Yeah that's a good point, I was thinking more of kernel compile when I
wrote this, I don't remember having a specific theory about the FIO
degradation. The other thing I didn't mention here that might be hitting
FIO is filesystem metadata. For example if you run this on ext4 you
would need to get the superblock into the restricted addres space to
make it fast.  I'm not sure if there would be anything like that in
shmem though...

> So how confident are you that this is really going to be solvable. 

I feel pretty good about solvability right now - the numbers we see now
are kinda where we were at internally 2 or 3 years ago, and then it was
a few optimisation steps from there to GCE prod (IIRC the
context_swith() one was a pretty big one for that usecase, I can't
remember if any of the TLB flushing optimisations made a big
difference). 

I can't deny the risk that these few steps might be much harder for
native workloads than VM ones but it  just seems like a game of
whack-a-mole now, not a "I'm not sure this thing is ever gonna work".
The only question is how many moles there are to whack...

> Or to 
> ask from another angle: long-term how much slowdown do you expect and 
> target?

In the vast majority of cases, we've been able to keep degradations from
ASI below 1% of whatever anyone's measuring.
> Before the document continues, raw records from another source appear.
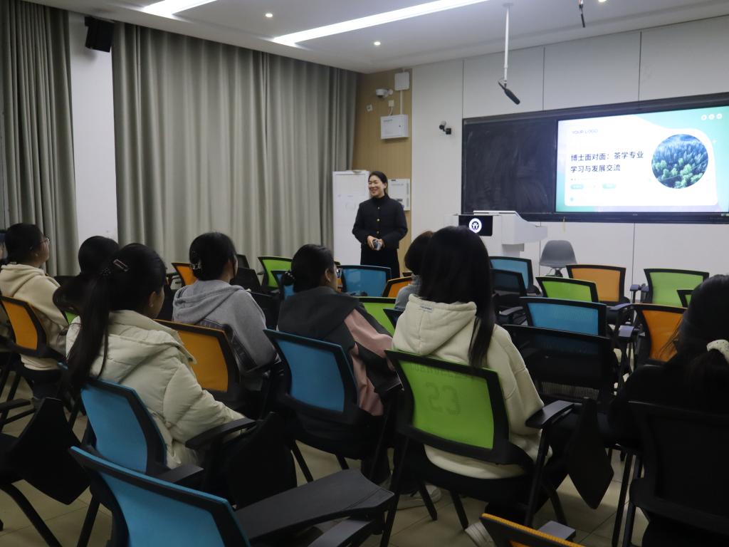 会议伊始,闫明慧博士以简洁明了的语言介绍了自己的教育背景、科研经历及研究方向,并热情邀请对茶学领域充满热情的同学加入她的实验室。随后,她深入剖析了茶学专业的就业方向,不仅涵盖了茶叶生产加工、茶企经营管理等传统领域,还拓展至茶叶深加工、茶旅融合开发等新兴领域。闫博士鼓励同学们在大学期间积极考取相关专业技能证书,培养跨学科能力,以增强自身竞争力。最后,她强调,进入大学后,同学们应主动学习,积极参与实验室工作、相关比赛及学科类创新创业项目,提升实践能力,实现自我成长。
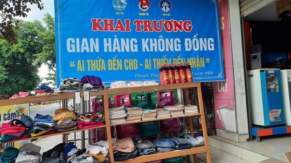 Xuất phát từ tấm lòng “lá lành đùm lá rách”, nhiều cấp bộ Đoàn trong tỉnh đã thành lập những “Gian hàng không đồng” để cấp phát thực phẩm tiêu dùng, quần áo miễn phí cho những người gặp khó khăn. Những gian hàng này đã kết nối nhiều tấm lòng nhân ái giúp đỡ những người khó khăn, người có hoàn cảnh khó khăn nhận được những bao gạo, chai dầu ăn, nước mắm… và cho đến những bộ quần áo đầy tình yêu thương.
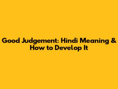 What Does "Good Judgement" Mean in Hindi?
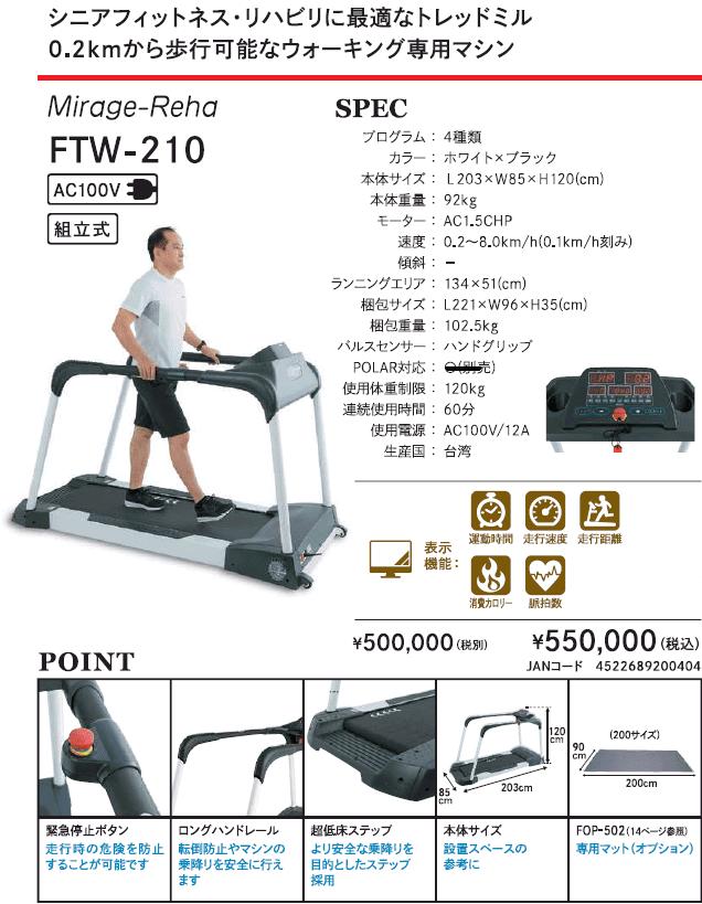 ■フジモリ FTW-210 Mirage Reha トレッドミル 電動ウォーカー 準業務用
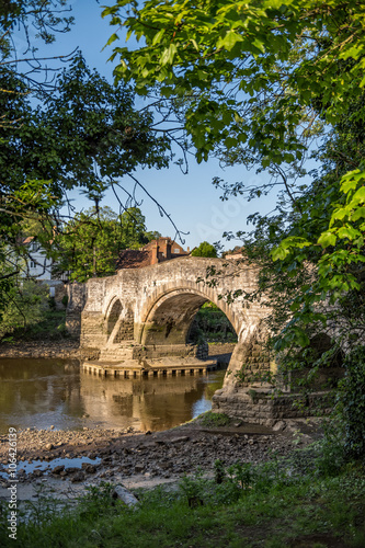 © Valerie2000, Fototapeta premium Leaves framed view to medieval Aylesford bridge and river in Kent, England
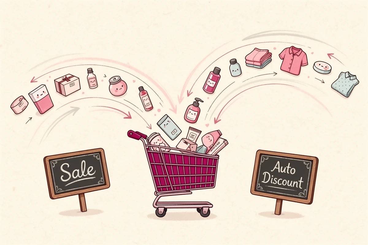 Shopify's automatic discount system applies savings at checkout without any customer action. You set the conditions — minimum cart value, minimum item count, or specific product requirements — and Shopify handles the rest.
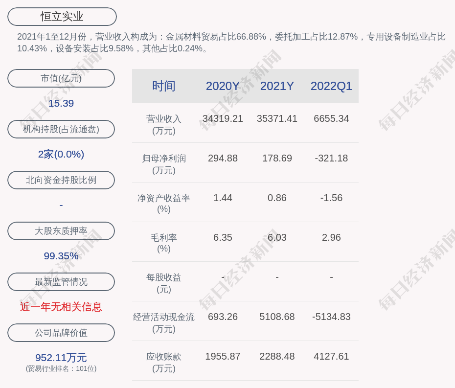 2021年1至12月份,恒立实业的营业收入构成为:金属材料贸易占比66.88%,委托加工占比12.87%,专用设备制造业占比10.43%,设备安装占比9.58%,其他占比0.24%。
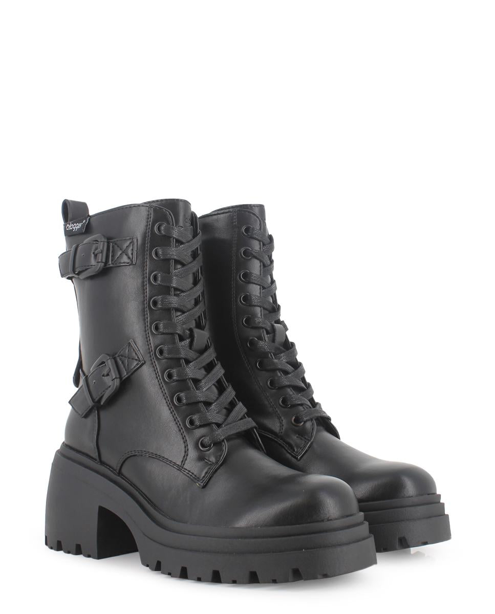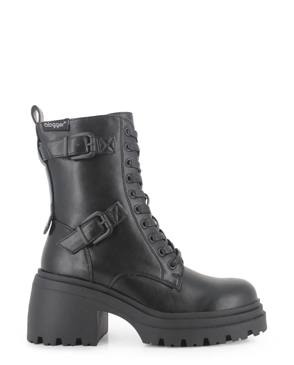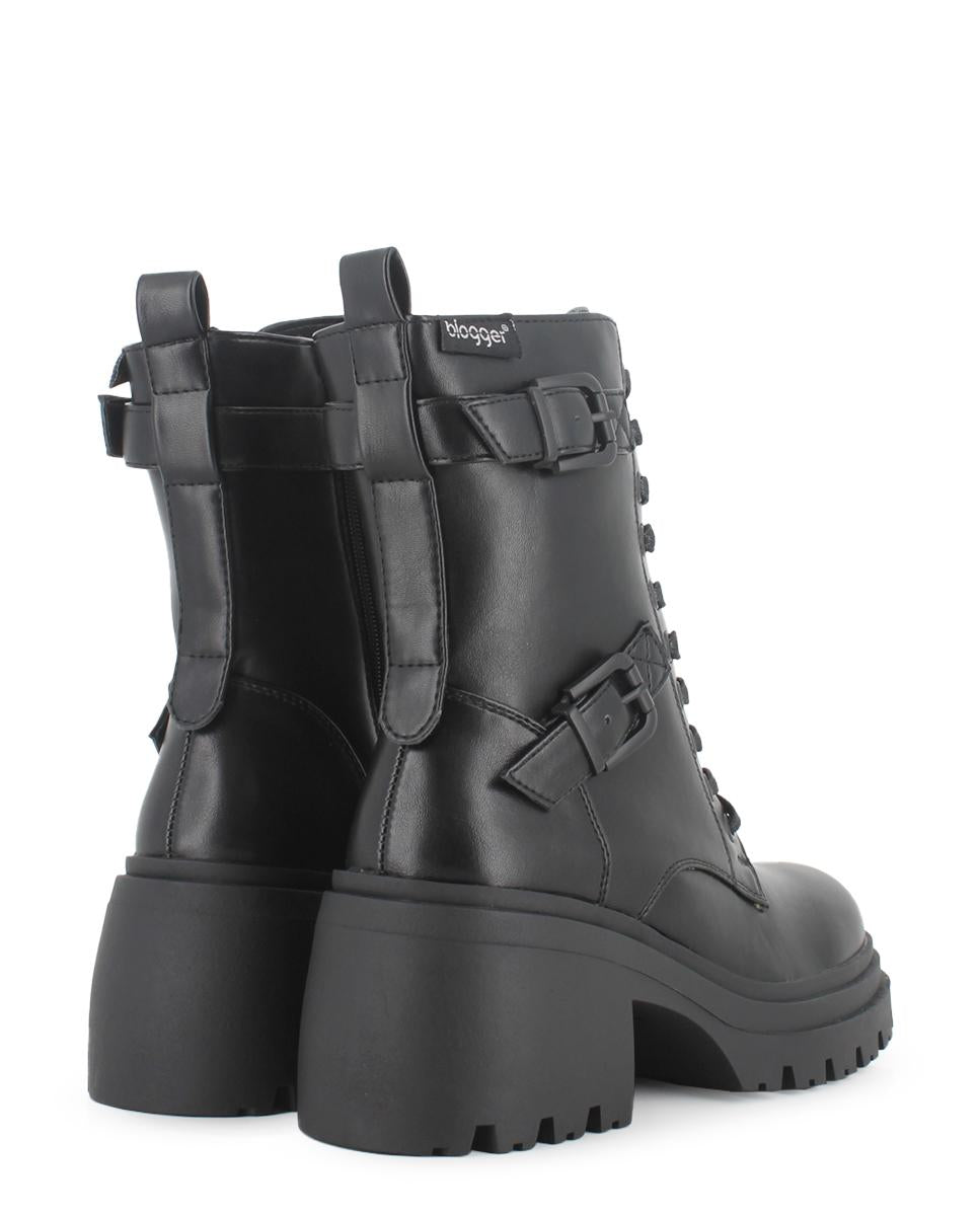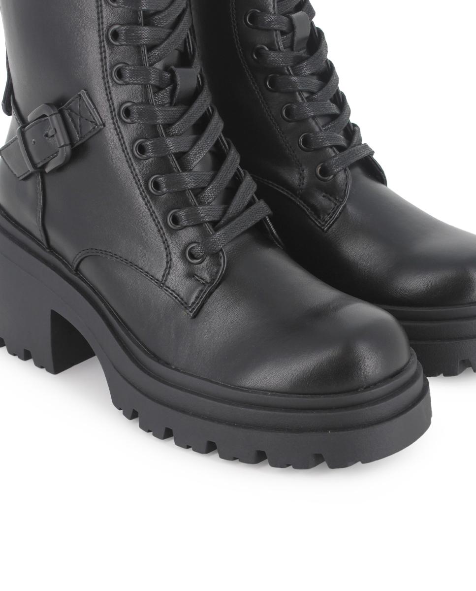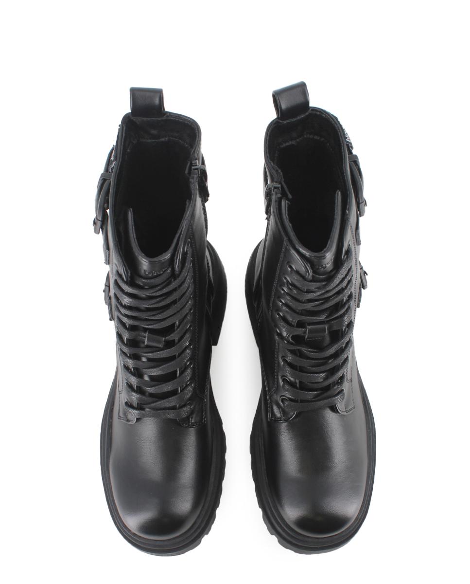Botas de estilo militar, diseñadas para destacar con poder y sofisticación. Confeccionadas en piel sintética negra, presentan caña de 17 cm, cordones y cremallera lateral para un ajuste perfecto. Cintas con hebillas decoran la parte superior. Tacón ancho de 7 cm, suela dentada con gran tracción, plantilla acolchada y forro textil para máximo confort.
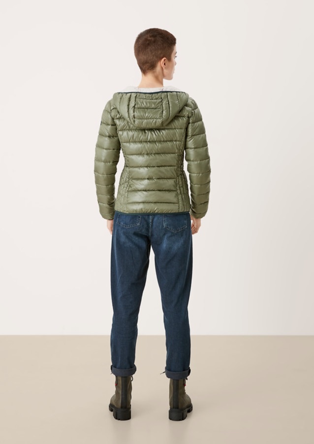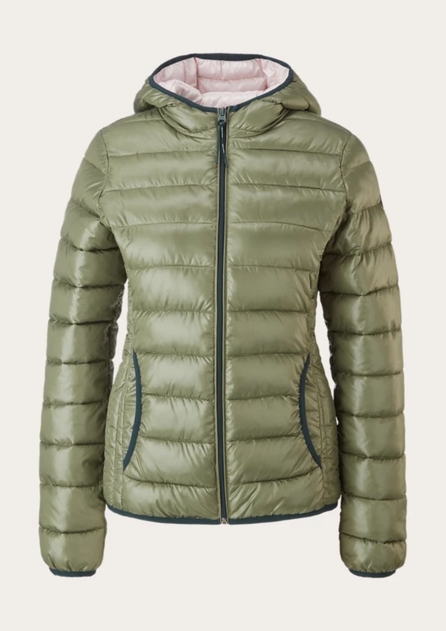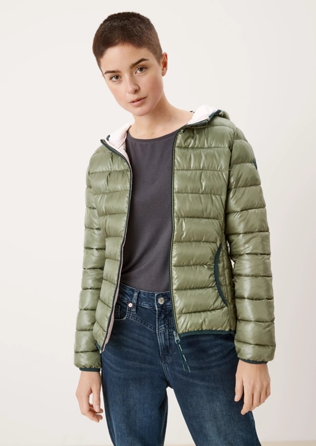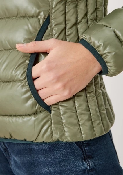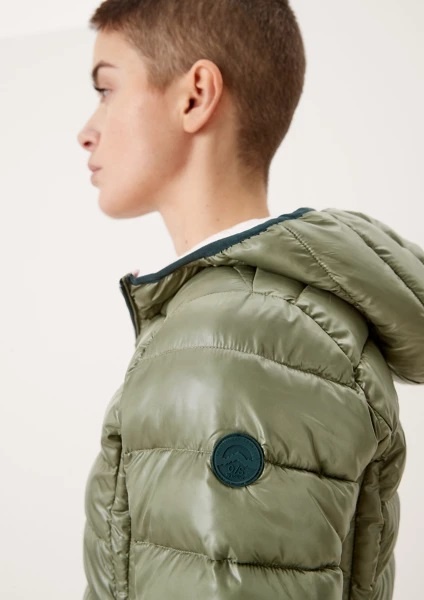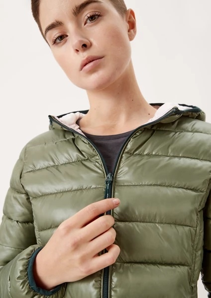Женская короткая куртка классического кроя от Q/S by s.Oliver. Изделие имеет стеганую текстуру, застежку-молнию, капюшон на подкладке, воротник-стойку и длинные рукава.
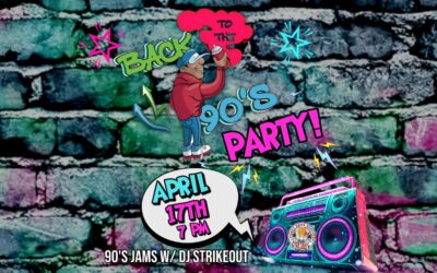 Throw on your favorite 90’s clothes and come get your party on with us 90’s style! Bright colors, JNKO pants, baby tees, flannel shirts, Grunge… the 90’s had it all! DJ strikeout will be playing all the 90’s jams so come get nostalgic
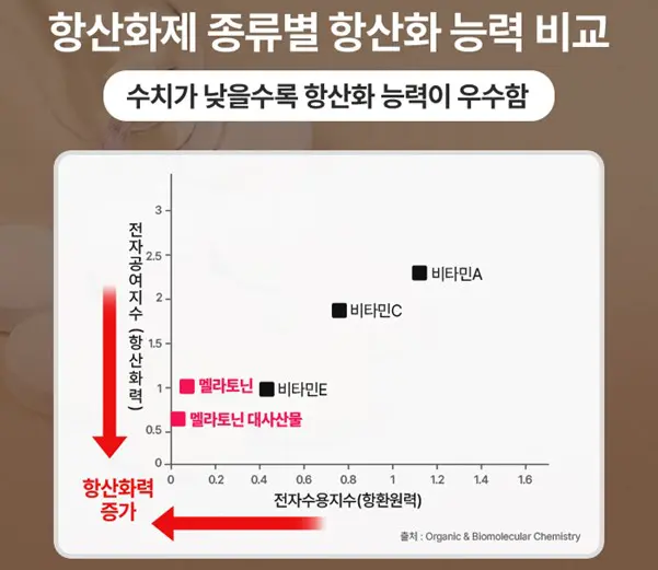 이때 활성산소의 공격을 막는 물질이 바로 **항산화제(Antioxidant)**입니다. 비타민C, 비타민E, 셀레늄, 폴리페놀 등이 대표적인 항산화 성분이며, 멜라토닌도 이 항산화제들 중 가장 **강력한 작용**을 보이는 물질 중 하나입니다.
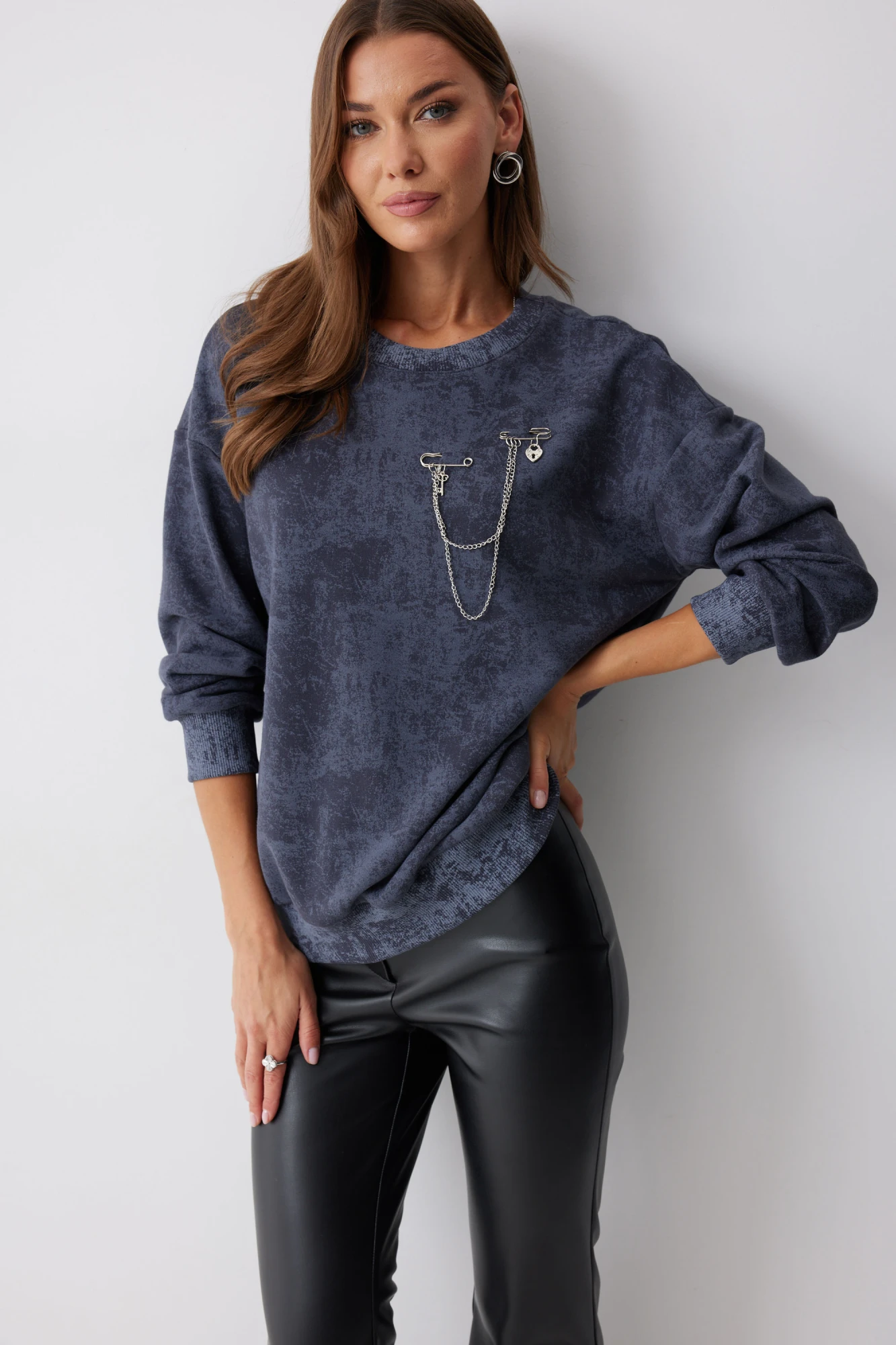 Джемпер прямого силуэта с притачным поясом по низу из трикотажного полотна. Горловина округлая с притачной планкой. Джемпер со спущенным плечом, рукав втачной с притачным манжетом по низу. На спинке расположена дизайнерская вышивка. В комплект входит съёмное украшение. Обращаем ваше внимание, что фурнитура может незначительно отличаться от фото.
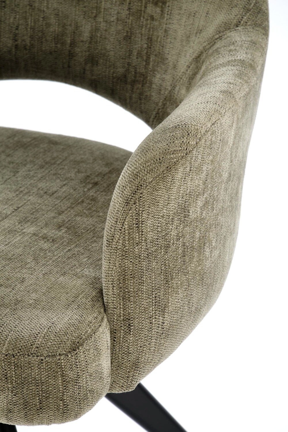 Čalouněná židle Naty v olivové barvě je určena těm, kteří ocení minimalistický design s výrazným charakterem. Jemné prošívání na sedáku, štíhlé područky a čtyři černé nohy s polomatným povrchem podtrhují moderní styl židle. Takový vzhled perfektně zapadne do interiérů zařízených ve skandinávském nebo loftovém stylu a přinese svěží barevný akcent do vašeho domova.
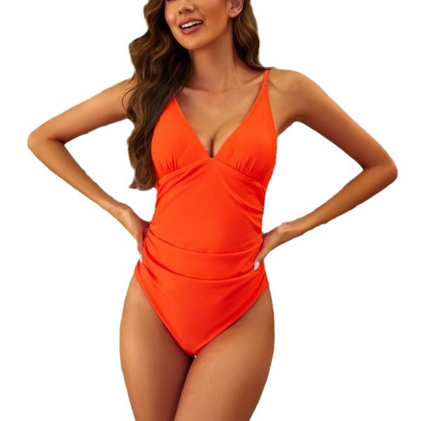 Solid-color Nylon One-piece Swimsuit With Built-in Padding

When things go above that
we need to grovel a bit, if anything gets to 5% we don't even bother
asking.

But also, note in lots of these cases we're switching ASI on while
leaving other mitigations in place too. If we had a complete "denylist"
(i.e. the holes in the restricted address space) that we were confident
covered everything, we'd be able to make a lot of these degradataions
negative. So we might just be making life unnecessarily hard for
ourselves by not doing that in the first place. The idea is to retrace
our steps later and start switching off old mitigations and bragging
triumphantly about our perf wins once we are totally certain there's no
security regression.

So yeah I can't be 100% confident for the reasons I mentioned above but
the target, which I think is realistic, is for ASI to be faster than the
existing mitigations in all the interesting cases ("interesting" meaning
we have to do kernel work instead of just flipping a bit in the CPU ).